Field meaning : the maximum waiting time to establish a new connection; : the maximum time for an rpc call; conn_timeout_ms rpc_timeout_ms

Retry

Corresponding zk node:/kitexConfig/{ClientName}/{ServiceName}/retry

The written configuration format is as follows:

{
  "GetDemoInfo": {
    "enable": true,
    "type": 0,
    "failure_policy": {
      "stop_policy": {
        "max_retry_times": 2,
        "max_duration_ms": 9000,
        "cb_policy": {
          "error_rate": 0.1
        }
      }
    }
  },
  "GetDemoInfo5": {
    "enable": true,
    "type": 0,
    "failure_policy": {
      "stop_policy": {
        "max_retry_times": 2,
        "max_duration_ms": 9000,
        "cb_policy": {
          "error_rate": 0.1
        }
      }
    }
  }
}

Copy

Field meaning

Configuration items	default value	illustrate	limit
max_retry_times	2	The maximum number of retries, excluding the first request.

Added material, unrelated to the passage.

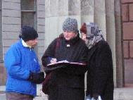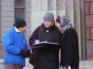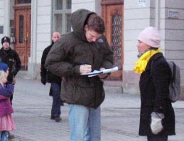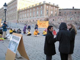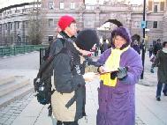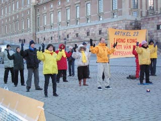 【明慧网2002年12月24日】2002年12月21日上午11点-下午15点,瑞典法轮功学员在首都斯德哥尔摩人流不息的议会广场(Mynttorget)举行了反对香港第23条立法的集会。醒目的“反对危害人权的香港第23条立法”横幅格外地引起了人们的注意。许多外出购买圣诞礼物的人们不由停下了脚步观看。当了解了真相后,他们纷纷对我们的活动表示支持,并在我们征集签名簿上留下自己的姓名。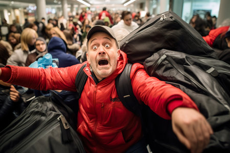 An emotional person is heading to a shopping mall with big Black Friday sales

If configured to 0, it means to stop retrying.	Legal values: [0-5]
max_duration_ms	0	The cumulative maximum time elapsed, including the time elapsed for the first failed request and the retry request. If the elapsed time reaches the limit, subsequent retries will be stopped. 0 means no limit. Note: If configured, this configuration item must be greater than the request timeout.
error_rate	10%	Retry circuit breaker error rate threshold, if the method level request error rate exceeds the threshold, retries will be stopped.	Legal values: (0-30%]

Limiting

This configuration is a global configuration for the service, so the zk node path only contains serviceName:/kitexConfig/{ServiceName}/limit

The written configuration format is as follows:

{
  "qps_limit": 100
}

Copy

Microservice observability capability building

concept

Service observability construction refers to the establishment and improvement of monitoring, logging, tracking and other tools and technologies in distributed systems in order to comprehensively and timely understand the operating status and performance indicators of the system.

A complete observation tool can bring many benefits to business systems:

Ability to detect and solve problems in a timely manner;
Enable the team to have a clearer understanding of the overall operation and internal interactions of the system;
Can understand the load status, resource utilization and trend changes of the system to support capacity planning and resource optimization;
By recording the system's operation logs and request traces through the log and tracking system, user operation behaviors, abnormal requests and security events can be tracked and analyzed to improve the security and reliability of the system.

introduce

Service details are used to display the overall operation of the service itself, including golden monitoring indicators (QPS, Latency and Error Ratio), SLO and runtime related information, etc.: huaxing_grafana

Topology diagram is used to show the upstream and downstream dependencies between services: huaxing_topology

Call chain data contains detailed information about each call between services: huaxing_trace

Implementation principles and details

huaxing_otel

Currently, the OpenTelemetry client has been integrated into the template code , and the generated Hertz and Kitex services have observable data (Metrics + Tracing) reporting capabilities by default.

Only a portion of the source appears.